I love quirky books that are hard to categorize.
You Are My Only by
Beth Kephart is marketed as young adult fiction, but it could just as easily be adult literary fiction. It's a contemporary novel that echoes the language of classic literature. Many lines read like poetry. The alternating chapters follow a young woman and a teenaged girl, each one confined to a miserable existence. The connection between Emmy and Sophie is a mystery for the reader to solve.
Sophie is a precocious 14-year-old imprisoned in a series of rental houses. While her mother works as a waitress, Sophie is left home alone to educate herself and not allowed contact with the outside world. Because classic books are her only companions, Sophie sounds like a child from another era. She reminded me of attic-bound Sara in
The Little Princess. Quietly rebellious Sophie forms a secret friendship with the cute guy next door and his elderly aunts. This engaging storyline was a delight to read, despite the creepy undertones of the confinement.
Emmy married straight out of high school to an abusive man. Her only passion is her baby. After her daughter is kidnapped, Emmy has a nervous breakdown that leads to her institutionalization. Her narrative reads like a wink to
One Flew Over the Cuckoo’s Nest and deviates from the central plot. I would have liked to have known more about Emmy and less about her eccentric roommate. Emmy's emotional trauma scrambles her ability to communicate so she remains enigmatic.

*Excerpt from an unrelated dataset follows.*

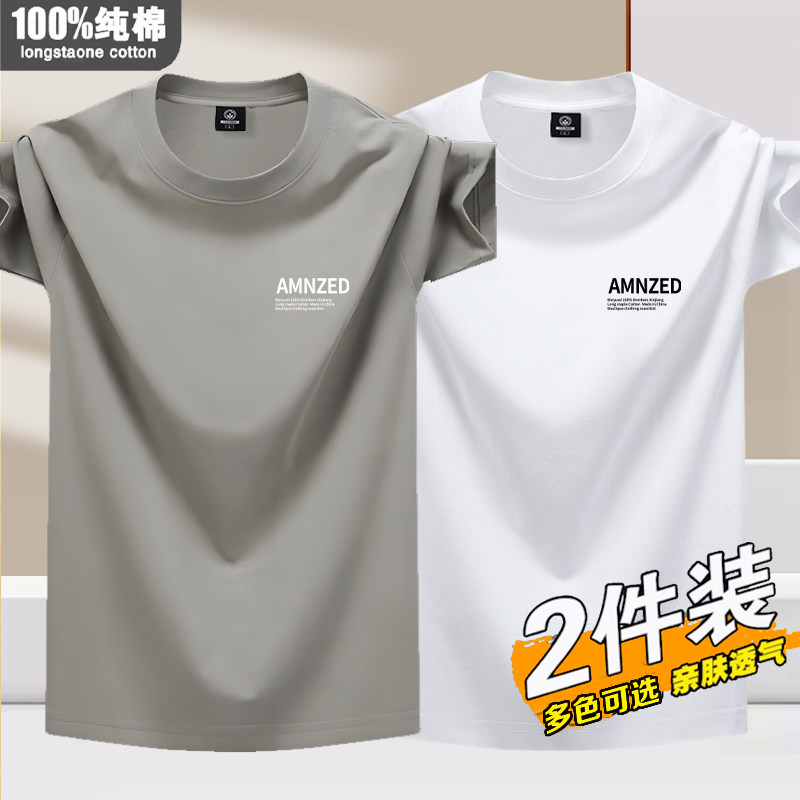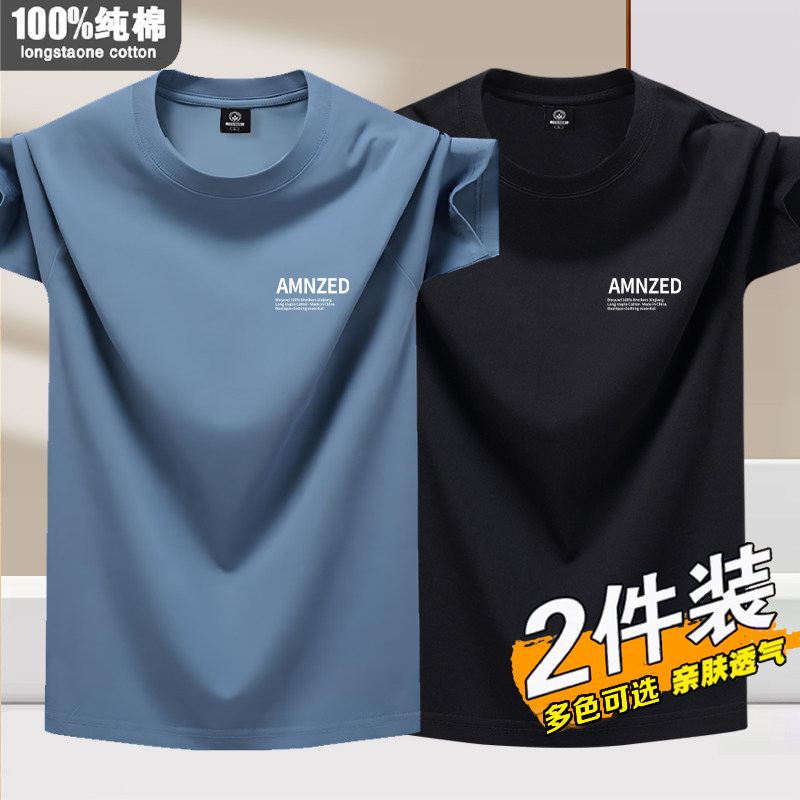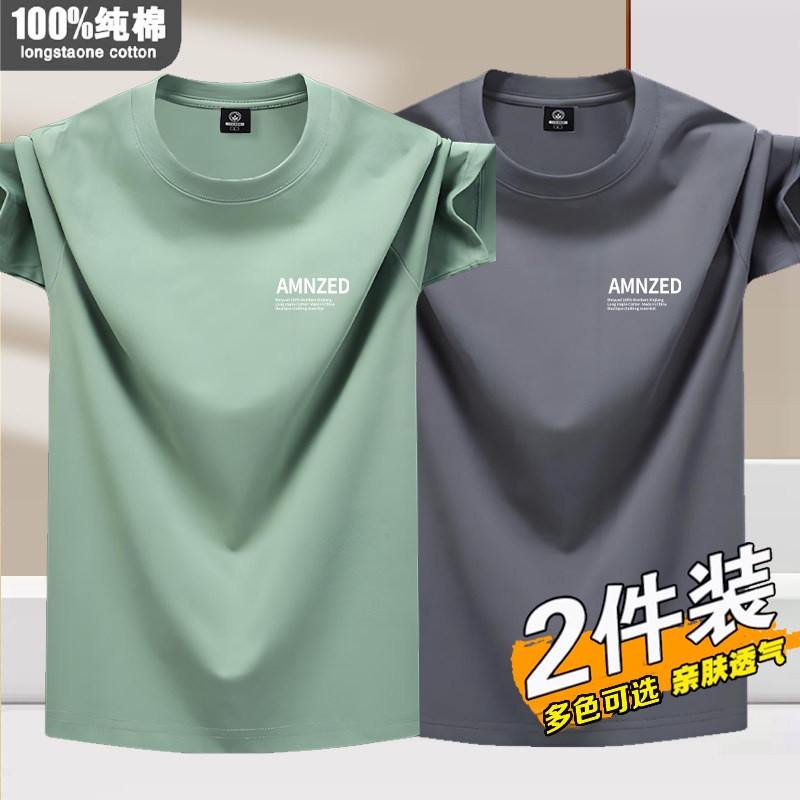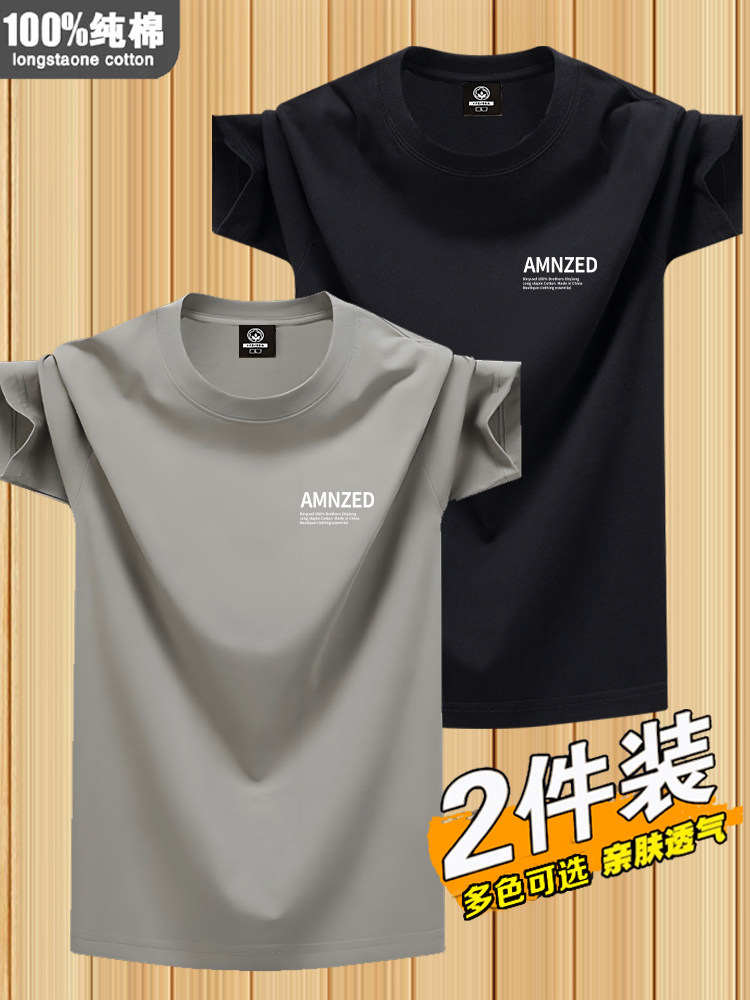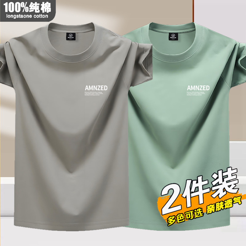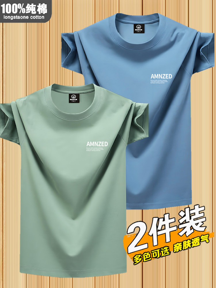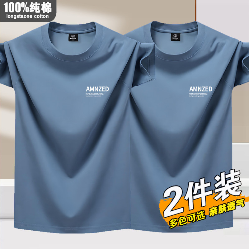 两件装100%棉短袖t恤男2025新款夏季薄款圆领宽松体恤上衣打底衫

Kephart does a fine job in weaving the two narratives together with parallel themes and crossover clues. Each story is enhanced by the other in this well-crafted book. The un-rushed pace allows the reader to appreciate the beautiful writing.
You Are My Only sparkles with whimsical prose:
Emmy: “The sun has come up like a squint on the horizon.”

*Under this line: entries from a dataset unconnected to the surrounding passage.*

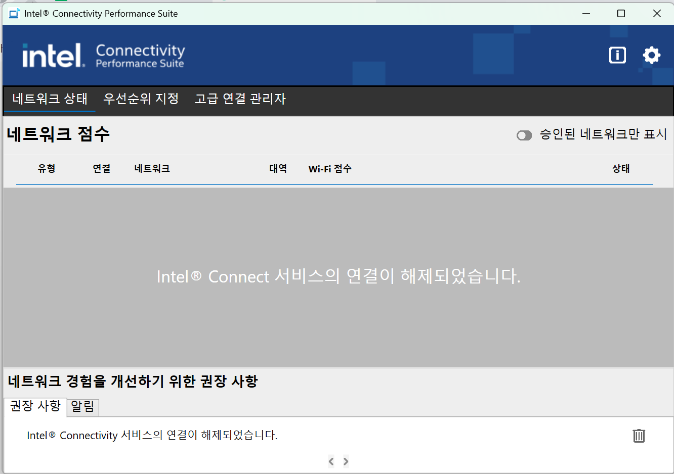 Intel(R) Connectivity Performance Suite 하드웨어 항목이 감지되지 않았다고 뜹니다.
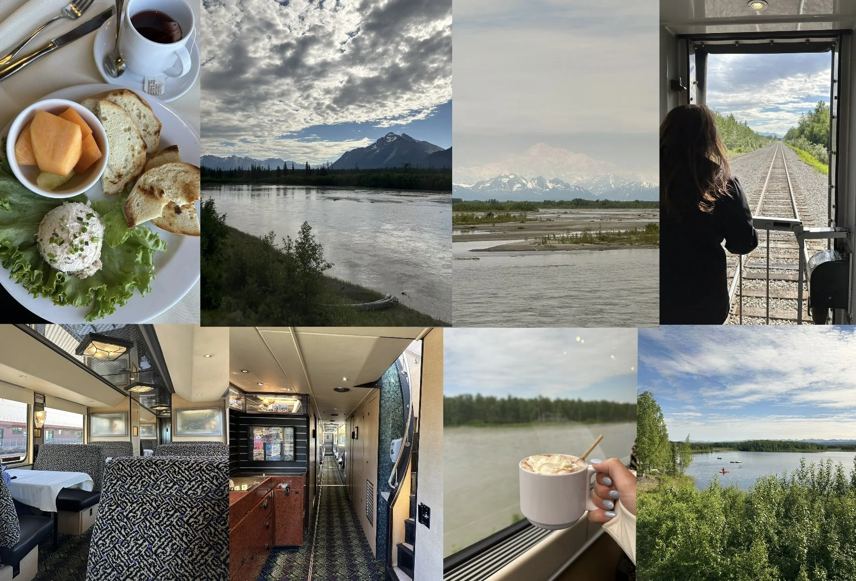 This was one of my favorite days of the trip, if not my top favorite. We took the McKinley Explorer dome train (exclusive for Holland America) from Anchorage to Denali National Park. There were also a few train cars for the Princess Cruises passengers — their hotel was right near ours in Denali. This was a full day excursion, from around 9am-5pm. Everyone sat upstairs, while the dining/bathrooms/outside areas were downstairs. I LOVED being able to stand outside, esp. at the back of the train! Luckily our train car was closer to the end too, so we didn’t need to cut through so many cars to get to the back. They served breakfast, lunch, snacks, and drinks (all extra $, not included in cost of tickets). For breakfast, I got the fisherman’s spread, which had Alaska smoked salmon, then got the bison chili and chips & salsa for a snack. Later on I also got the spiked hot chocolate. Once we arrived, charter buses took us on a quick ride to the hotel (McKinley Chalet, owned by Holland America).
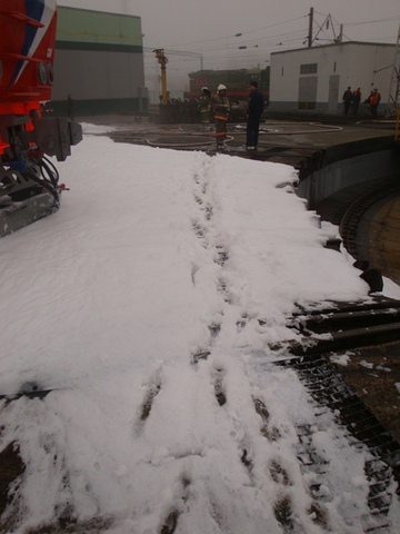 Специально для учений из депо выгнали новенький блестящий локомотив, который и стал объектом тушения. «Такой локомотив может сгореть всего за 10 минут, а стоит он порядка 75 миллионов рублей», - подчеркнул Быков. Для реалистичности по бокам тепловоза поставили два контейнера с горюче-смазочными материалами и подожгли.Сам процесс тушения пожара со стороны выглядел очень эффектно. Пожарные сбивали пламя из пенной установки «пурга». Она вполне оправдывает свое название — на какое-то время в радиусе 10 метров от «горящего» локомотива наступила зима. «Мы уложились в норматив. При тушении пожара не возникло практически никаких сложностей. С этим поездом мы уже Волгоград отстояли!» — оценил ход учений заместитель начальника пожарного поезда Василий Архипов.

Sophie: “Johannes Kepler was born with the skies in his eyes.”
The atmosphere is a character in itself, reflecting the narrator’s state of mind:
Panicked Emmy searches for her lost baby: “The neighborhood changes – from house to retail, from window light and TV flicker to lanterns above. At the gas station, the pumps are still. At the Clock and Watch, the gutter is splash. Maybe they’re hiding Baby in the shadows between places, in the dark behind bushes, on the other side of barrel trash cans.”
Sophie watches the world from the attic: “My house is a storybook house. A huff-and-a-puff-and-they’ll-blow-it-down house. The roof is soft; it’s tumbled. There are bushes growing tall past the sills. A single sprouted tree leans in from high above the cracked slate path, torpedoing acorns to the ground.”
Don’t you want to keep reading? You don't have long to wait.
You Are My Only will be released on October 25, 2011.
Disclosure: I received an ARC from the publisher at my request. I’ve gotten to know the author online after
interviewing her. You can check out her blog in my sidebar.